George Bush's White House has been served with an indictment on five counts against the chief of staff to the Vice President. Tom DeLay's trial is under way. And Bill Frist is the subject of a formal investigation by the Securities and Exchange Commission for selling off his family's stock.
And there are more investigations against Republicans lurking just below the surface. Powerful House member Bob Ney is wrapped up tightly with disgraced lobbyist Jack Abramoff; Congressman Randy Cunningham is in bed with a defense contractor; House Republican Richard Pombo, who chairs the House Resources Committee, has gone on travel junkets paid for by a shady private foundation.

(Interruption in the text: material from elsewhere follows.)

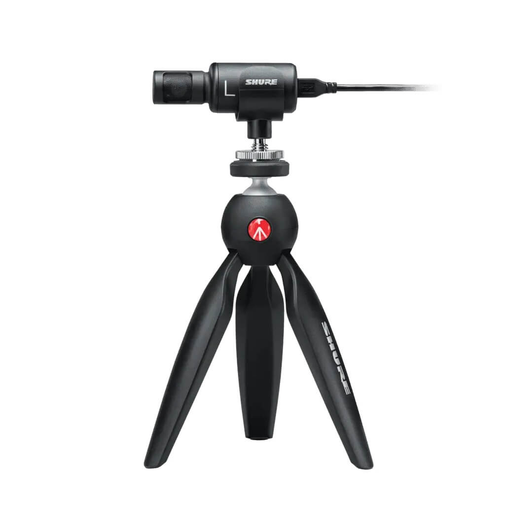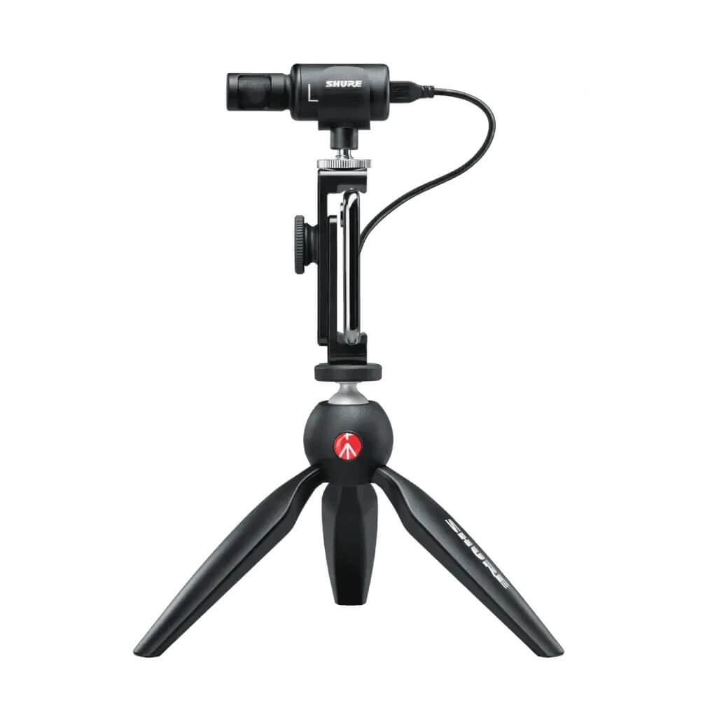 The Shure MV88+ Video Kit provides all the tools you need for high‐fidelity audio capture of live performance, field recording, interviewing, audio for video and vocal and instrument recording. It includes a Manfrotto® PIXI tripod, phone clamp, and mount, as well as iOS and USB-C cables for next-level compatibility and connectivity. Just add your phone and you’ll be capturing professional quality content wherever you are. (packaging may vary)

Outside of D.C. there's Kentucky Governor Ernie Fletcher, who is going down for having a GOP-only hiring practice. And the Ohio Republican Party has collapsed: Governor Bob Taft has been reprimanded and fined for playing golf on lobbyists' tabs, and big-time donor Tom Noe has been indicted for funneling cash into George Bush's re-election and stealing from the public purse to pour money into his rare coin investments.
Each crime is a fitting symbol of each Republican's particular brand of political criminality: George Bush's team got busted in a smear attempt against an Iraq war opponent -- but the entire case for war was a crime if there ever were one. DeLay's case is about him funneling corporate money to political causes to scorch Texas' political landscape with R's in every district -- but he's done nothing but funnel money from corporations for pork and political advantage every year he's been in Congress. Richard Pombo was found to have taken money from a group funded by whalers, mink farmers and veal barons -- poetic justice for a guy who has tried to sell off our national parks to mining and lumber interests. And so on.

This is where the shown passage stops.